The tax relief you receive from contributing to an RRSP is only deferred.
The idea is that you contribute at a high marginal rate (i.e. 45%), and then you withdraw (at age 71) theoretically paying a lower marginal rate (i.e. 26%).
You base this strategy on the assumption you have a lower income in retirement.
I explain this in much more depth in my free guide (completely revised and updated for 2017): RRSP vs TFSA: The Ultimate End-All-Be-All Definitive Guide
Click here to download your free copy.
But there is no way of knowing at age 24 what your income will be in retirement. It is entirely possible that you will be massively successful, earning $100,000+ year, and thus still paying 45% taxes on your (forced!) RRSP withdrawals.
In comparison, the money withdrawn from a TFSA is not taxed. You already paid tax on the income used to contribute to the TFSA; you did not receive any tax relief on contribution, and so, therefore, it is not taxed again.

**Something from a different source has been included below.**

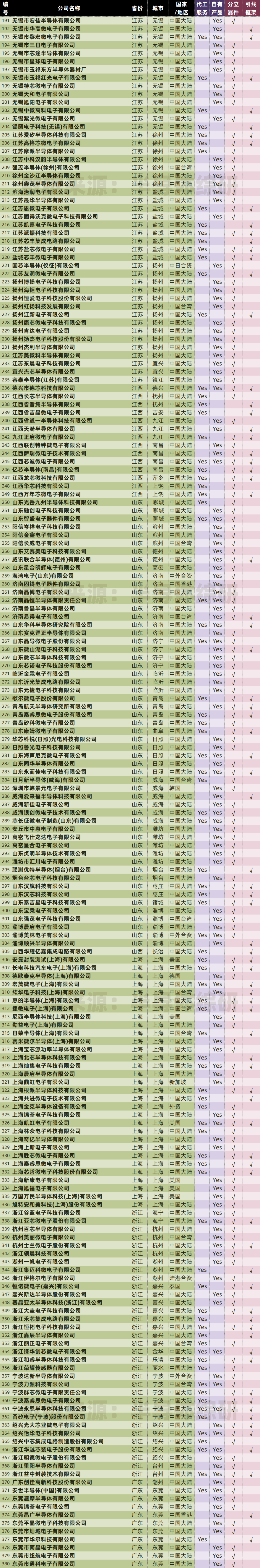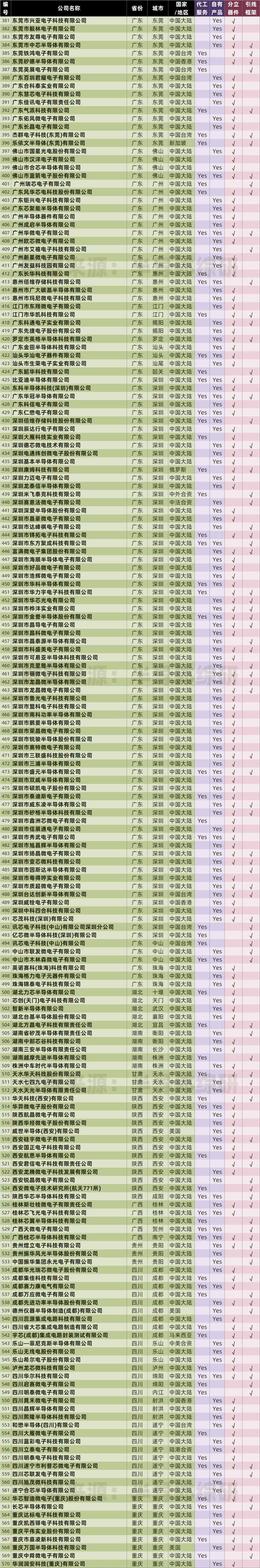 在我统计的表格,里中国大陆现存的封装产线已经达到了778家,而其中拥有分立器件或集成电路引线框架封装能力的产线高达570家。由于数量太大,我不得不把一个表格拆成三分才能发布。图表比较长,麻烦大家耐心观看和参考 ...

Also, you can continue to contribute to a TFSA up until your death. (Versus the RRSP that forces you to not only stop participating but also to start withdrawing at age 71).
All this to say that in a perfect world, you will max out both your RRSP and TFSA contributions early and often (and at a high marginal tax rate for the RRSP).
But since the world is rarely perfect, and if you are not in a high tax rate, my vote is for the TFSA.
For a complete comparison of the RRSP and TFSA, download my free guide: RRSP vs. TFSA: The Ultimate End-All-Be-All Definitive Guide
*Your maximum allowable contribution each year is mandated by the Federal government. The simple calculation is 18% of your previous year’s income, up to a maximum amount of $24,930. As Betsy earned $38,000 in 2014, her maximum allowable contribution is $6,840 (38,000 x 0.18). A couple of notes:
Unused RRSP contributions are carried forward indefinitely (yes, this rocks!)
I say simple calculation because, in reality, it is not that simple. Pension adjustments, carry-forward amounts, varying maximum amounts for previous years, etc. can all affect your maximum allowable amount for any given year. Your annual Notice of Assessment (sent you after filing your income taxes each year) will have your next year’s allowable contribution. You can also call the CRA, and after answering 3,251 security questions (LOL), they will provide it to you.
**This amount is also mandated by the Federal government. The TFSA came into effect January 1, 2009. The allowable amounts for every Canadian over 18 are as follows:
If not used, TFSA amounts also carry forward indefinitely. Meaning, if Betsy (or you) do not contribute in 2017, her (and yours) total allowable contribution will be $52,000.